## YOUR TASK:
Would you please repeat, word for word, only the lines from the one holding "301026 融 ..." through the one holding "Il corteo storico" in the material below, without the pictures?

## EXERCISE DATA:
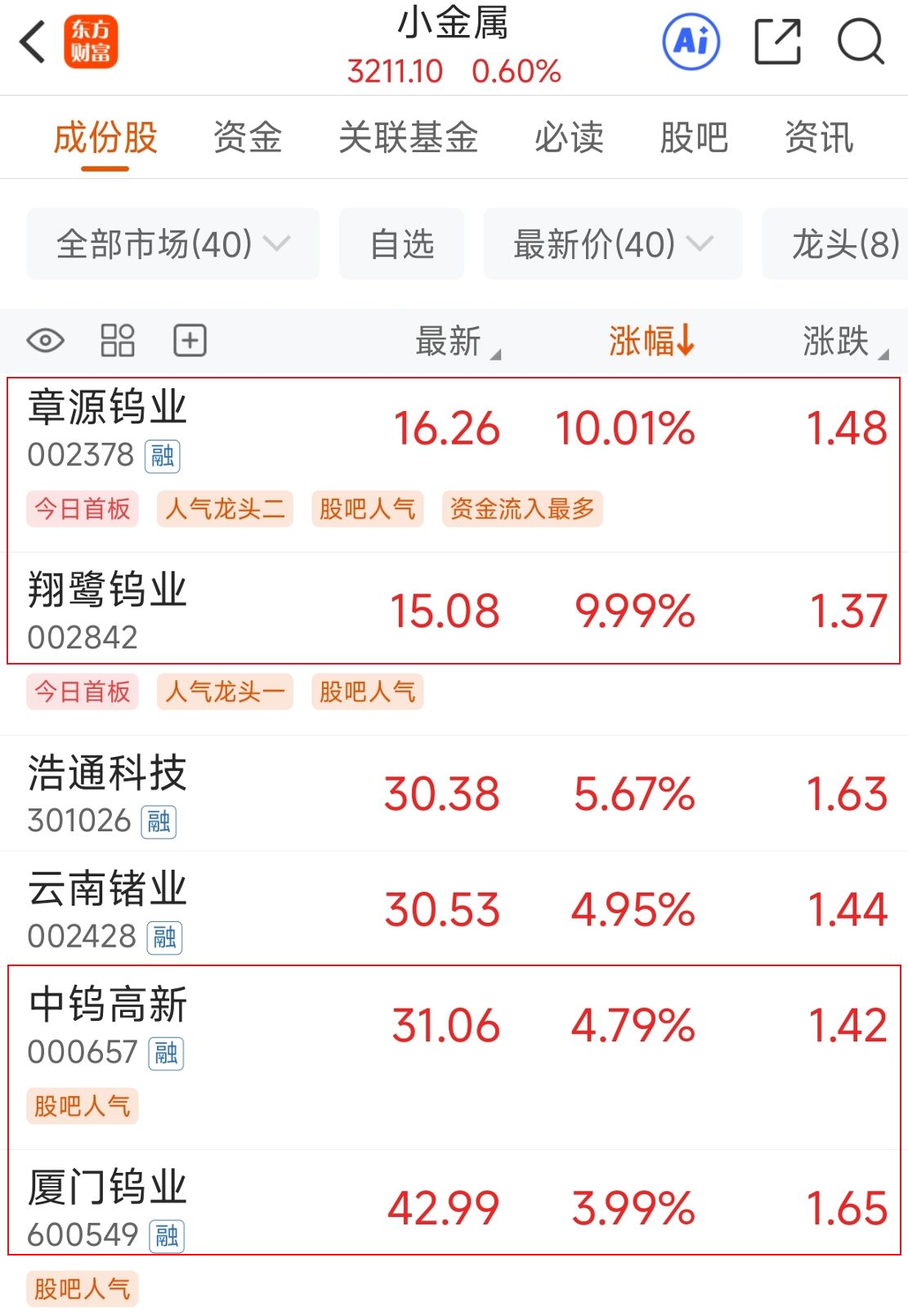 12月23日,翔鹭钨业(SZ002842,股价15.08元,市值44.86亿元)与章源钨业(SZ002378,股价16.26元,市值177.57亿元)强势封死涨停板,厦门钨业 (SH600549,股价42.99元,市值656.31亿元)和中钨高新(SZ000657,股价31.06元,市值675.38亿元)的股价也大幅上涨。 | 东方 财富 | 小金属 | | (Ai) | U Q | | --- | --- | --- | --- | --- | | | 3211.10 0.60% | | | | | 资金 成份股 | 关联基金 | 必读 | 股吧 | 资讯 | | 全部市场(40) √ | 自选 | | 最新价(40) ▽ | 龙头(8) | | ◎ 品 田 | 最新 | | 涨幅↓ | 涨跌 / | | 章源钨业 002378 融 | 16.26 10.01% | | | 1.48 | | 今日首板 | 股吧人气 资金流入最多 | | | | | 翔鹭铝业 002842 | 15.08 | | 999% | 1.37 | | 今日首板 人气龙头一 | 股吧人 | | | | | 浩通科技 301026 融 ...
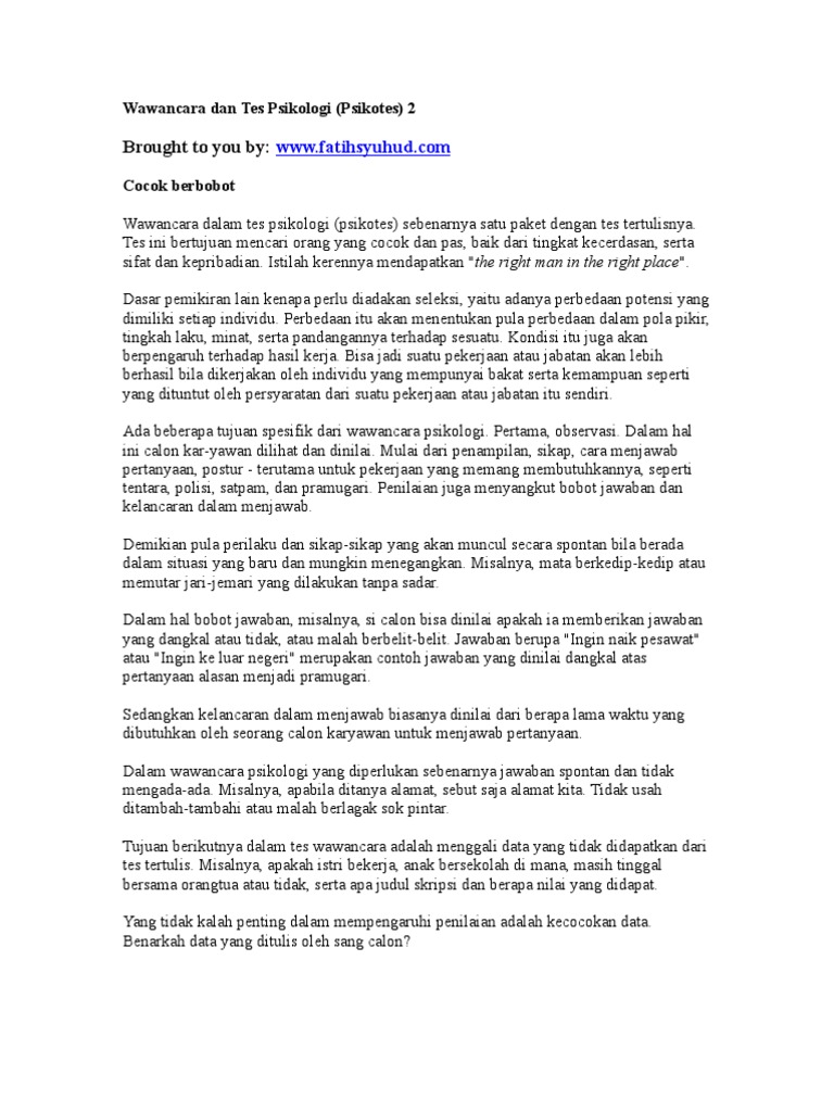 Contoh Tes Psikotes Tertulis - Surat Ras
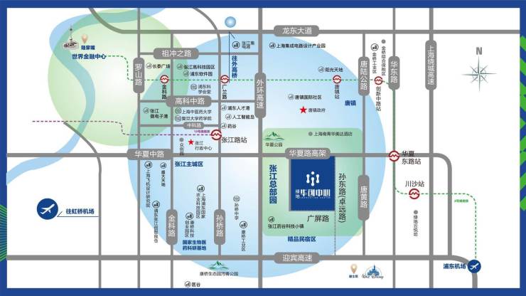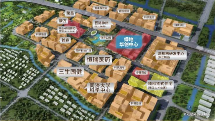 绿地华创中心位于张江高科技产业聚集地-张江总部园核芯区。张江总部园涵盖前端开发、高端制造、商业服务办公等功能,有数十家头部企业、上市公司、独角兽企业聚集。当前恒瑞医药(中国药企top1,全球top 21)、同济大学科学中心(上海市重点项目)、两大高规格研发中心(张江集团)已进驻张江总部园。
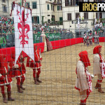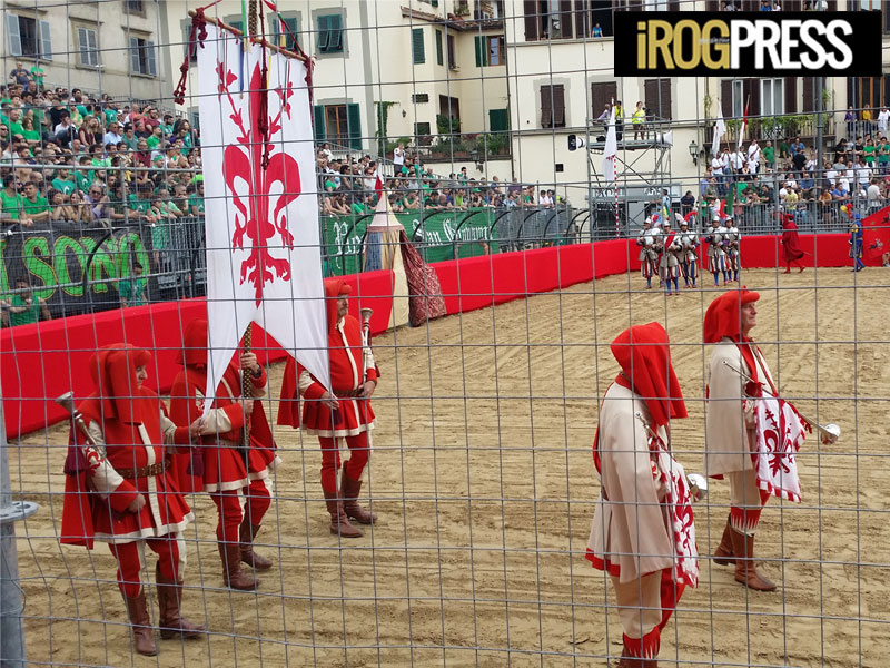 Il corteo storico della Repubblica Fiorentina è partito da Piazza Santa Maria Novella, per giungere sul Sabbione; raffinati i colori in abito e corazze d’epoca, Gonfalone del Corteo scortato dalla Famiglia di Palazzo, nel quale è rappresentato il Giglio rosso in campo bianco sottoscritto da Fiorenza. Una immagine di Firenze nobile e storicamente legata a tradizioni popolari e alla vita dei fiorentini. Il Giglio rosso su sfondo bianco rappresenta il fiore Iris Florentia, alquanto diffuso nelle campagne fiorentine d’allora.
...
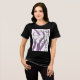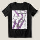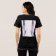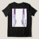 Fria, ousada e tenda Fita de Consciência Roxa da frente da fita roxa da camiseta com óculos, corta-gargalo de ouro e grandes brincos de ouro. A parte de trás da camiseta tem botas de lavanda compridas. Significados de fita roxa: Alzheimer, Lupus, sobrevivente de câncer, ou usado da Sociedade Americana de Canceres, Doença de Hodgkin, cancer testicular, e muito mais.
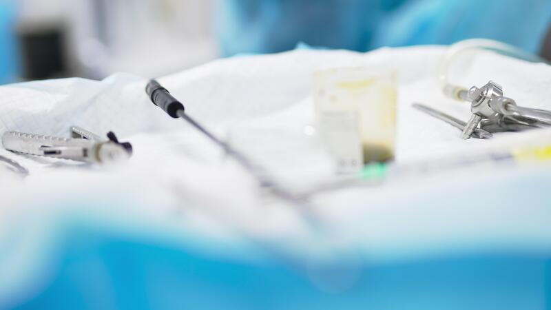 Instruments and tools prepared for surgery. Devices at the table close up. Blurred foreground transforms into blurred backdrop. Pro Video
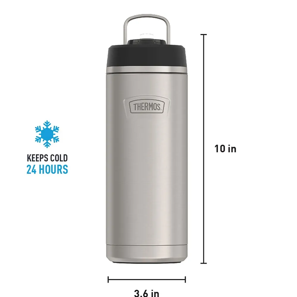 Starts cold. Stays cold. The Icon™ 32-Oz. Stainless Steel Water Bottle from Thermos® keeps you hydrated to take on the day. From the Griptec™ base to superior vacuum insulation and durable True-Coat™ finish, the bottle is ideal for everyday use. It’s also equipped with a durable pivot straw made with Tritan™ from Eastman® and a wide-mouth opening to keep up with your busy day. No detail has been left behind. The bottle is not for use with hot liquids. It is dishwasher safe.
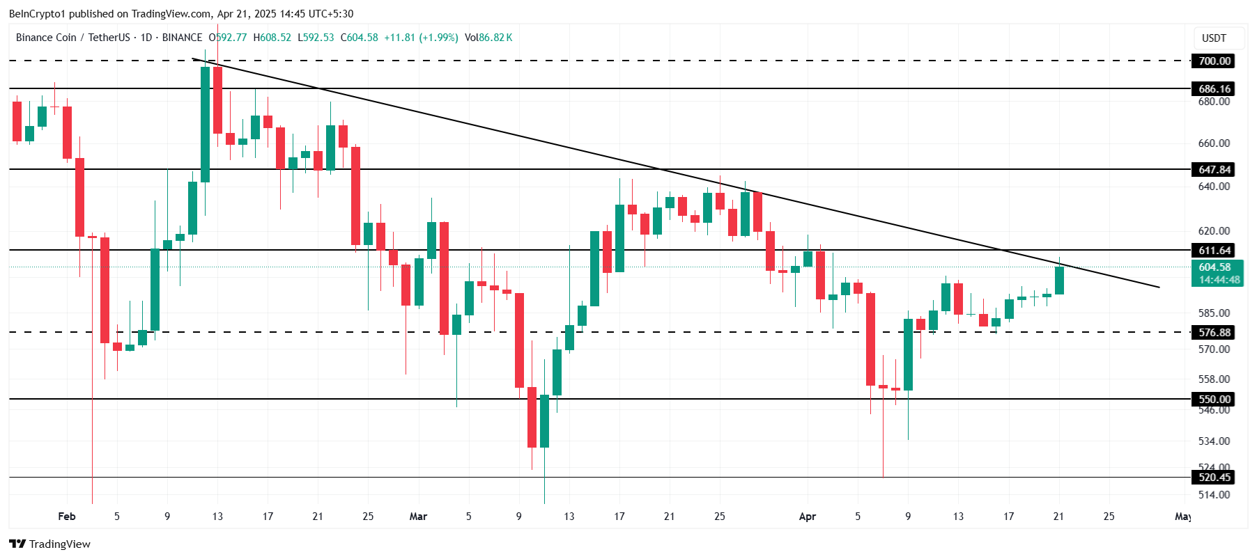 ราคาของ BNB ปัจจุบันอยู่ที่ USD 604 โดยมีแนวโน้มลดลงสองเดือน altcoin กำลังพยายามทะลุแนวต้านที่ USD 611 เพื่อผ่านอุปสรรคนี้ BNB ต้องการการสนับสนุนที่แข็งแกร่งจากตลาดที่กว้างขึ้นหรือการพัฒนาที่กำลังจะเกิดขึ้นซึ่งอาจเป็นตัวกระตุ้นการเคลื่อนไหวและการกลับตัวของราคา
--
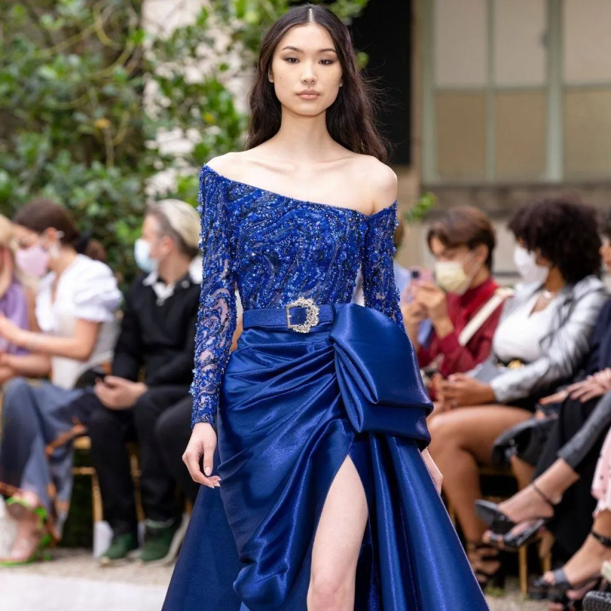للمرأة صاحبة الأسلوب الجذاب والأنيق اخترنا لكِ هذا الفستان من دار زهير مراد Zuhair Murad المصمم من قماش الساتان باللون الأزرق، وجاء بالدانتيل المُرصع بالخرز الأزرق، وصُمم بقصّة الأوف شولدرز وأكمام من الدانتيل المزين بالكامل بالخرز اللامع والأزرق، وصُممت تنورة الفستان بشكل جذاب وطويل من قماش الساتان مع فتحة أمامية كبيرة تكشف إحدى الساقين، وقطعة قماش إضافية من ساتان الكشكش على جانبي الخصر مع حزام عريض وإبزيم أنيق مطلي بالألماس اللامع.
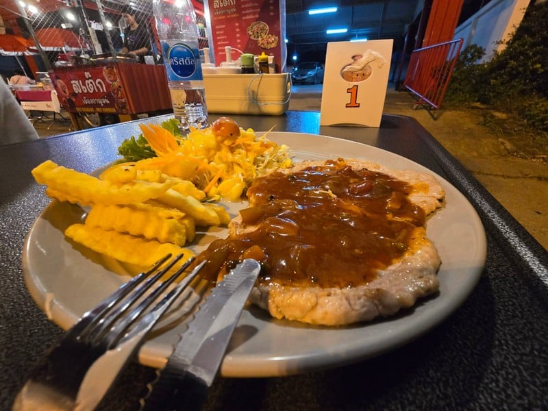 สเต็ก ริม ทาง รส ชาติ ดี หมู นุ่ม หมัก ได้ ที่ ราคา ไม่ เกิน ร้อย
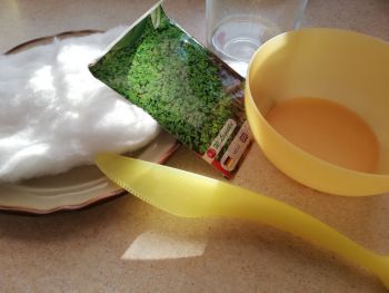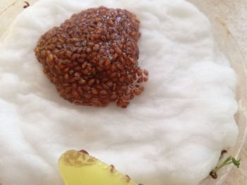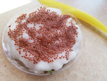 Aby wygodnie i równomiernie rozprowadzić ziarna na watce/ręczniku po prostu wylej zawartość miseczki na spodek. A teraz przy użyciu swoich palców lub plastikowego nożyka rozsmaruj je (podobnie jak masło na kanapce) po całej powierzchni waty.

## ANSWER SPACE:
 12月23日,翔鹭钨业(SZ002842,股价15.08元,市值44.86亿元)与章源钨业(SZ002378,股价16.26元,市值177.57亿元)强势封死涨停板,厦门钨业 (SH600549,股价42.99元,市值656.31亿元)和中钨高新(SZ000657,股价31.06元,市值675.38亿元)的股价也大幅上涨。 | 东方 财富 | 小金属 | | (Ai) | U Q | | --- | --- | --- | --- | --- | | | 3211.10 0.60% | | | | | 资金 成份股 | 关联基金 | 必读 | 股吧 | 资讯 | | 全部市场(40) √ | 自选 | | 最新价(40) ▽ | 龙头(8) | | ◎ 品 田 | 最新 | | 涨幅↓ | 涨跌 / | | 章源钨业 002378 融 | 16.26 10.01% | | | 1.48 | | 今日首板 | 股吧人气 资金流入最多 | | | | | 翔鹭铝业 002842 | 15.08 | | 999% | 1.37 | | 今日首板 人气龙头一 | 股吧人 | | | | | 浩通科技 301026 融 ...
 Contoh Tes Psikotes Tertulis - Surat Ras
 绿地华创中心位于张江高科技产业聚集地-张江总部园核芯区。张江总部园涵盖前端开发、高端制造、商业服务办公等功能,有数十家头部企业、上市公司、独角兽企业聚集。当前恒瑞医药(中国药企top1,全球top 21)、同济大学科学中心(上海市重点项目)、两大高规格研发中心(张江集团)已进驻张江总部园。
 Il corteo storico della Repubblica Fiorentina è partito da Piazza Santa Maria Novella, per giungere sul Sabbione; raffinati i colori in abito e corazze d’epoca, Gonfalone del Corteo scortato dalla Famiglia di Palazzo, nel quale è rappresentato il Giglio rosso in campo bianco sottoscritto da Fiorenza. Una immagine di Firenze nobile e storicamente legata a tradizioni popolari e alla vita dei fiorentini. Il Giglio rosso su sfondo bianco rappresenta il fiore Iris Florentia, alquanto diffuso nelle campagne fiorentine d’allora.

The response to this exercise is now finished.